§ **Input data**:
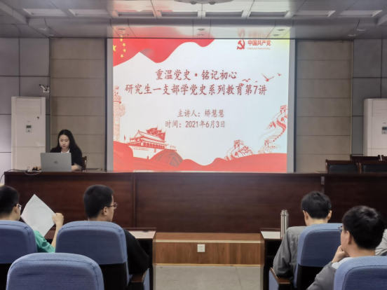 为扎实推进党史学习教育,引导支部党员和入党积极分子加深对党史的理解和认识,努力建设学习型党支部。6月3日,beat365官网研究生第一党支部在J15-219报告厅开展“重温党史,铭记初心”学党史系列主题教育。支部全体党员和入党积极分子参加报告会,研究生第一党支部党员矫慧慧以“学党史砥砺奋进,知党恩不忘初心”为题为全体参会同学讲党课。
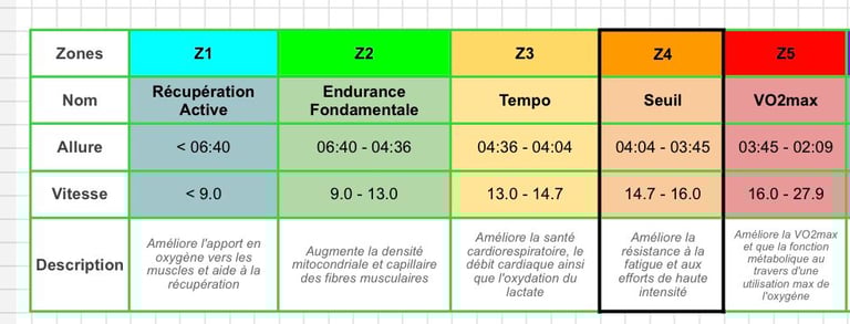 Les entrainement seront programmés sur une allure et un ressenti (et plus ou moins sur une fréquence cardiaque) pour pouvoir adapter la séance à la forme du jour
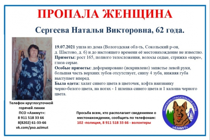 О пенсионерке нет вестей с 19 июля. Тогда 62-летняя Наталья Сергеева из деревни Шастово ушла в неизвестном направлении. До сих пор нет сведений о местонахождении пропавшей. Волонтеры подключились к поискам.
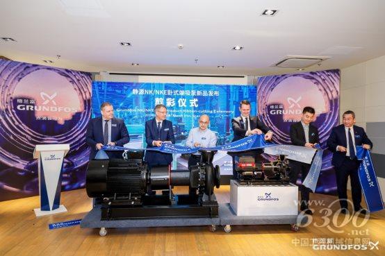 致辞结束后,嘉宾上台为新品剪彩,共同见证静源NK/NKE卧式端吸泵在中国的首次亮相。
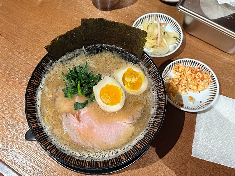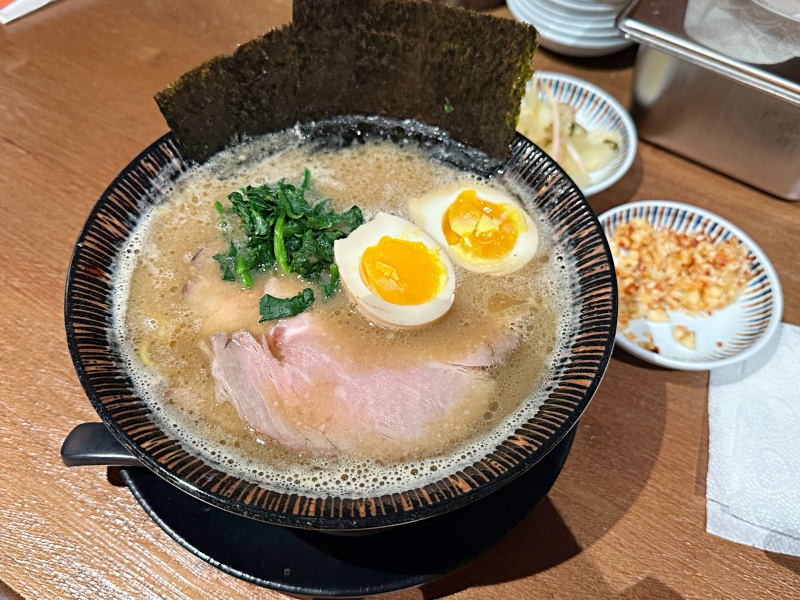 다음은 이에케 돈코츠 라멘입니다. 지로케와 달리 국물이 덜 진득합니다. 돈코츠 라멘이 지로케에 비하면 많이 라이드해 보입니다. 돈코츠에는 계란 반숙이 올라가 있고 미역도 들어 있습니다. 국물이 맑고 담백하지만 살짝 돼지고기의 냄새도 납니다. 챠슈도 지로케이 비하면 얇고 색도 다른 느낌입니다.
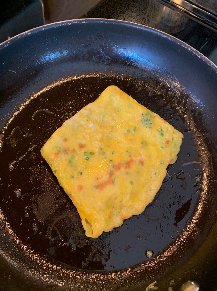 I’m making two sandwiches, so I divide that mixture in two and pour the first half into a non-stick fry pan that’s already sizzling with a neutral grapeseed oil.
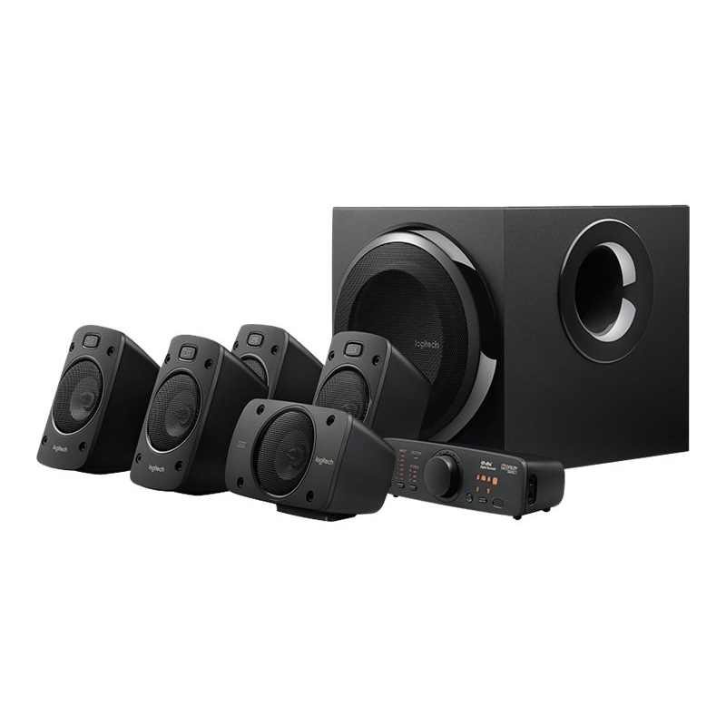 Los altavoces Logitech Z906 5.1 Thx Dolby tiene certificación THX ofrece 500 vatios (RMS) de sonido con calidad de sala de cine. Entradas digitales y analógicas, una consola de control digital fácil de leer e instalar y un mando a distancia inalámbrico le permiten tomar el control del sistema multimedia.
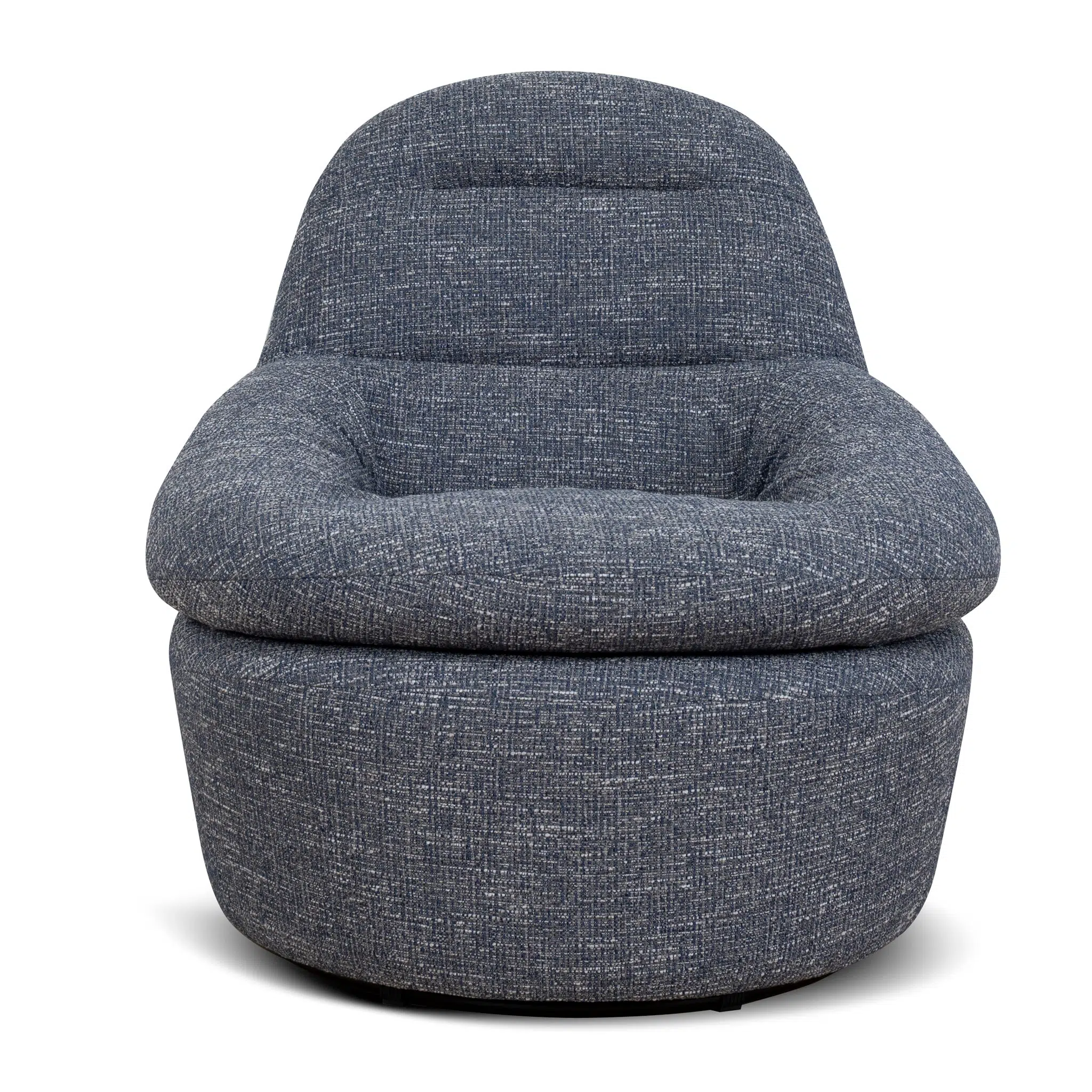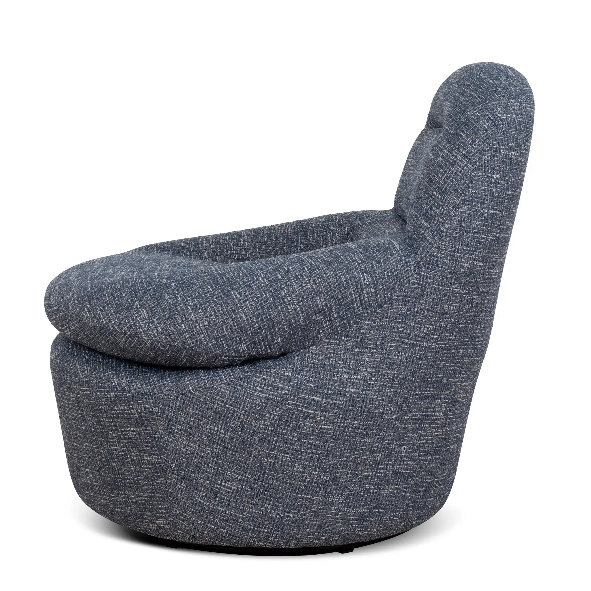 Thoughtfully crafted for maximum support, this swivel lounge chair in rich Prussian blue offers a plush seat designed to cradle your body after a demanding day. The seamless swivel functionality allows effortless movement, transforming it into the perfect spot for unwinding, reading, or enjoying a cozy movie night.
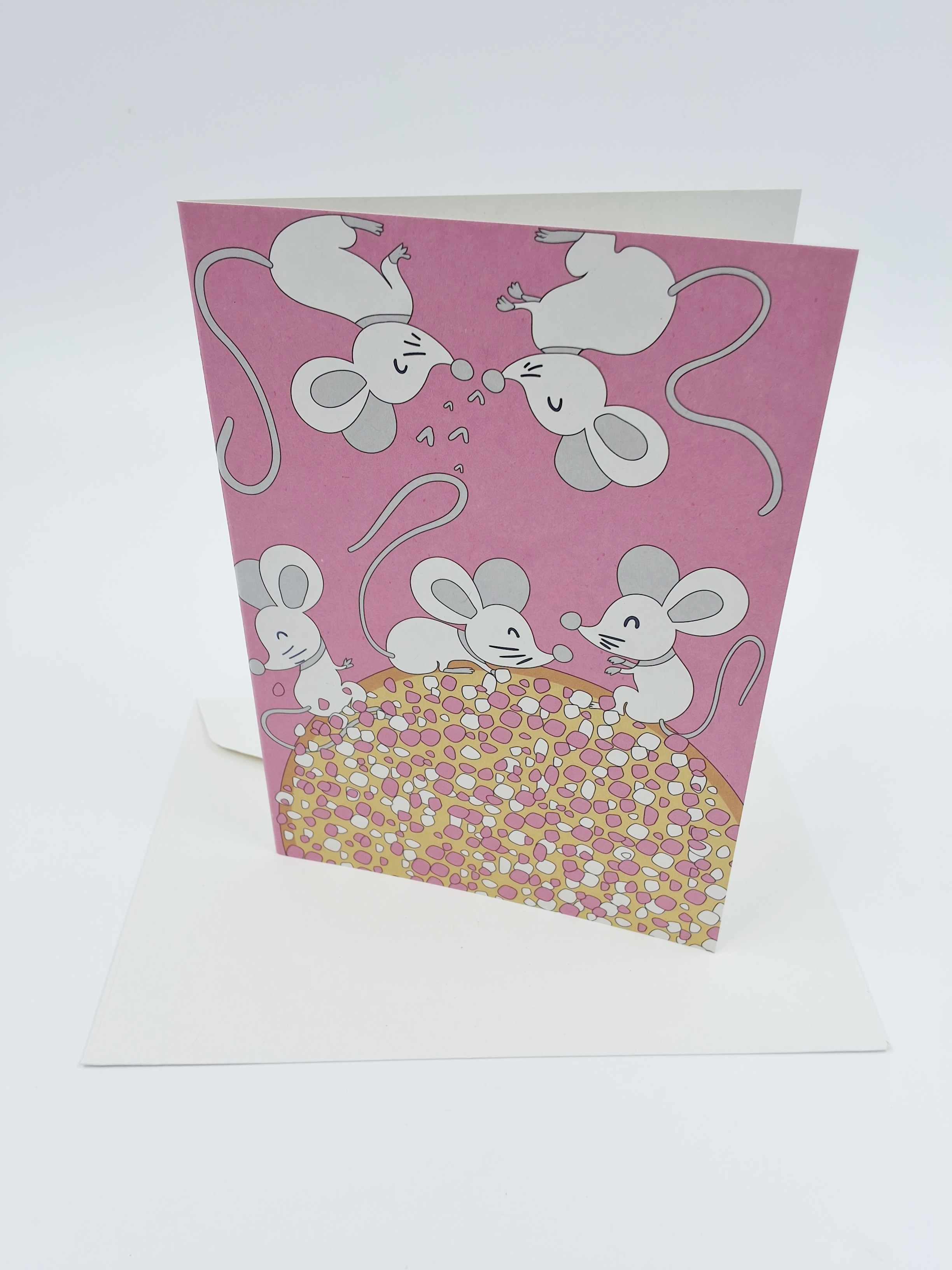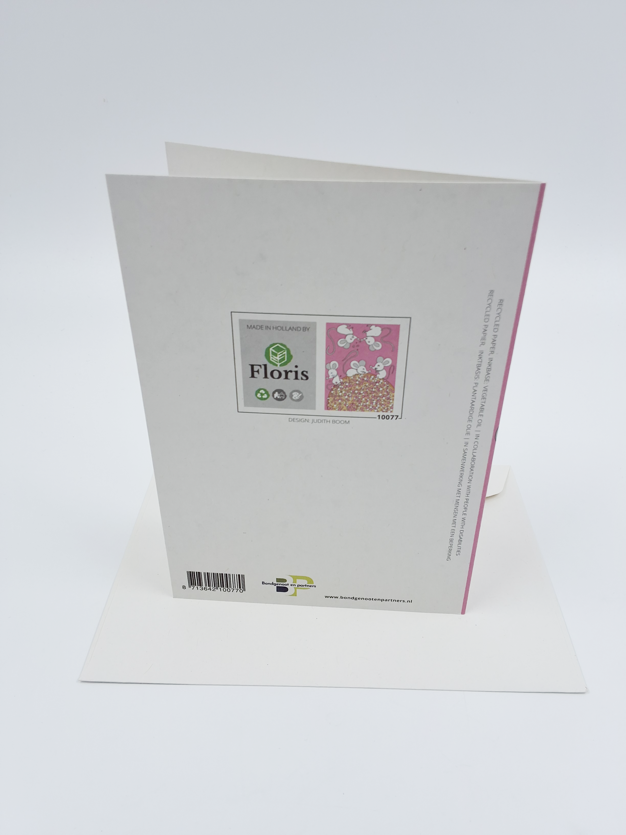 Onze wenskaarten zijn gemaakt van gerecycled papier en bedrukt met inkt op basis van plantaardige olie.

§ **Task requirements**: Reproduce every line of the material above, but drop the pictures.

§ **The completed task**:
 为扎实推进党史学习教育,引导支部党员和入党积极分子加深对党史的理解和认识,努力建设学习型党支部。6月3日,beat365官网研究生第一党支部在J15-219报告厅开展“重温党史,铭记初心”学党史系列主题教育。支部全体党员和入党积极分子参加报告会,研究生第一党支部党员矫慧慧以“学党史砥砺奋进,知党恩不忘初心”为题为全体参会同学讲党课。
 Les entrainement seront programmés sur une allure et un ressenti (et plus ou moins sur une fréquence cardiaque) pour pouvoir adapter la séance à la forme du jour
 О пенсионерке нет вестей с 19 июля. Тогда 62-летняя Наталья Сергеева из деревни Шастово ушла в неизвестном направлении. До сих пор нет сведений о местонахождении пропавшей. Волонтеры подключились к поискам.
 致辞结束后,嘉宾上台为新品剪彩,共同见证静源NK/NKE卧式端吸泵在中国的首次亮相。
 다음은 이에케 돈코츠 라멘입니다. 지로케와 달리 국물이 덜 진득합니다. 돈코츠 라멘이 지로케에 비하면 많이 라이드해 보입니다. 돈코츠에는 계란 반숙이 올라가 있고 미역도 들어 있습니다. 국물이 맑고 담백하지만 살짝 돼지고기의 냄새도 납니다. 챠슈도 지로케이 비하면 얇고 색도 다른 느낌입니다.
 I’m making two sandwiches, so I divide that mixture in two and pour the first half into a non-stick fry pan that’s already sizzling with a neutral grapeseed oil.
 Los altavoces Logitech Z906 5.1 Thx Dolby tiene certificación THX ofrece 500 vatios (RMS) de sonido con calidad de sala de cine. Entradas digitales y analógicas, una consola de control digital fácil de leer e instalar y un mando a distancia inalámbrico le permiten tomar el control del sistema multimedia.
 Thoughtfully crafted for maximum support, this swivel lounge chair in rich Prussian blue offers a plush seat designed to cradle your body after a demanding day. The seamless swivel functionality allows effortless movement, transforming it into the perfect spot for unwinding, reading, or enjoying a cozy movie night.
 Onze wenskaarten zijn gemaakt van gerecycled papier en bedrukt met inkt op basis van plantaardige olie.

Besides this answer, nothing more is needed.